TRAVEL THERE: A VERY DIFFERENT KIND OF CEREMONY

So far, Bassem and Miriam’s wedding day has been pretty mundane, if you don’t count the machine guns on our bus.  Once the church doors opened, everything changed.  We were at a Coptic Wedding.

Saint Mark Coptic Church

When the huge doors opened, the scent of incense wafted out into the waiting crowd and I was awestruck.  The church was gorgeous, obviously very, very old, but beautiful.  You got the impression God had been hanging out here for a very long time.

It was not a particularly large church, but it was grandly decorated with beautiful paintings and an amazing amount of gold.  There was no formal seating going on.  Everyone just wandered in and took a seat.  There was no his side and her side, just folks wandering into a pew as they entered.  The family was sort of huddled over to one side.  We had some front row seats, but they certainly were not particularly advantageous.

Forget What You Know About Weddings

Throw out preconceptions, because this had nothing in common with your basic American wedding.  The bride and groom were seated in thrones at the front of the church.  The photographers and videographers considered themselves very much part of the ceremony and spread themselves out across the front of the church.  Joining them on the stage were a group of priests in decidedly Coptic garb.

Coptic Officiants at the Wedding

Now I’ve been to weddings where there were more than one officiant.  Sometimes it’s because each family wants to be represented or there are several members of the clergy in the family.  This wedding had an entire crowd of priests.  They’re the guys wearing the black turbans, but these four in the picture are only a sample.

I was made to understand the number of priests reflected the status of the people getting married and no one could remember a wedding where they’d seen more priests.  Most gratifying was the priest who had come all the way from Sharm El Sheik because of my niece, who holds such a special place in their congregation.  Each of the priests participated in one way or another.  Some doing ceremonial duty and others delivering pithy little sermonettes to the bride and groom. (None of which I could understand, of course, because they were in either Coptic or Arabic.)

All the while, the church was a beehive of activity.  Along with all the priests were acolytes and altar boys wandering around doing a variety of tasks, from swinging incense burners to lighting candles.  At one point my nephew Shady went up to read the Bible.  Also any time a priest wasn’t involved in the ceremony, they were kept busy blessing whoever came up to the stage, bowed before them and kissed their hands.

Folks seeking blessings weren’t the only ones who came up to the stage.  As if the photography and videography crew of about six people weren’t enough, no one hesitated to pop right up out of their seat and head up to the front to get a picture – and if the best angle was between the priest and the wedding couple, then so be it.   

Behind their back, their very expensive decorations are already coming down

I was gob-smacked.  I couldn’t believe it.  The bride and groom were almost an after-thought in all the frenetic activity.  Suddenly it was all over.
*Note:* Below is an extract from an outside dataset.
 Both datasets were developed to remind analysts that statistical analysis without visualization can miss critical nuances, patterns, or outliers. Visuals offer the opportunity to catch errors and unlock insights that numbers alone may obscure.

The bride and groom stood.  A few pictures were taken and we all filed out of the church.

Let the Turnover Begin

I was still trying to  process what I had seen, when I realized that as soon as the bride and groom had their back towards the stage, folks started tearing down the decorations so they could get set for the next wedding.
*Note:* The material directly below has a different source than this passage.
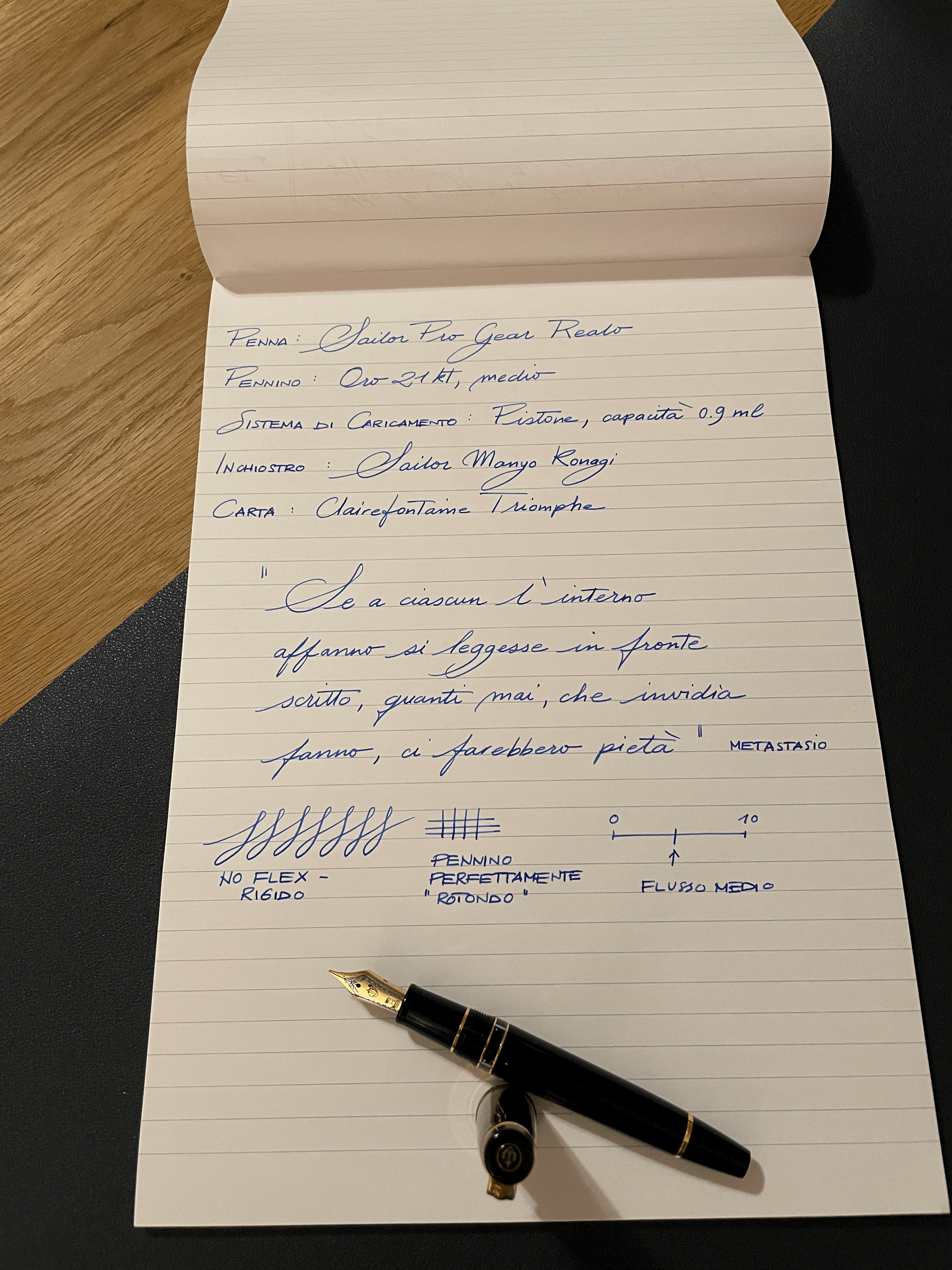 Bella penna Matteo, posseggo alcune Sailor e per me sono delle ottime penne, tutte con un certo feed back, caratteristica che trovo molto gradevole, i pennini sia in acciaio che in oro sono molto ben realizzati. L'unica pecca, secondo la mia percezione, sono le dimensioni: aggiungessero 1,5 cm al fusto sarebbero perfette. Ho una Kop che è una gran penna, rispetto alla Realo è.....tutta un'altra sensazione possono risiedere nello stesso cassetto senza dare l'idea di doppione. Grazie per la condivisione e buona giornata

An American church might have 2 or three weddings on a given day, but Coptic churches schedule about an hour per wedding and stack them all day long, from early in the morning until late in the evening – especially on holidays like the day after Easter.  If they get behind, which apparently they always do, then they just hurry you up a little more.

Once we were outside, you could see they had already redecorated the entry to the church and on a corner near the church were the floral remains of several different ceremonies.  Egyptians do have a receiving line, but it’s held on the porch of the church, rather than at the reception. As the wedding party assembled into the obligatory formation, a limo pulled up in front of the church.  I will never forget seeing the bride get out of the limo, go through the security routine we had and then climb up the stairs to the sanctuary.  It was one of those odd scenes that you can’t erase.

Then it was back in the bus and back to the Fairmont.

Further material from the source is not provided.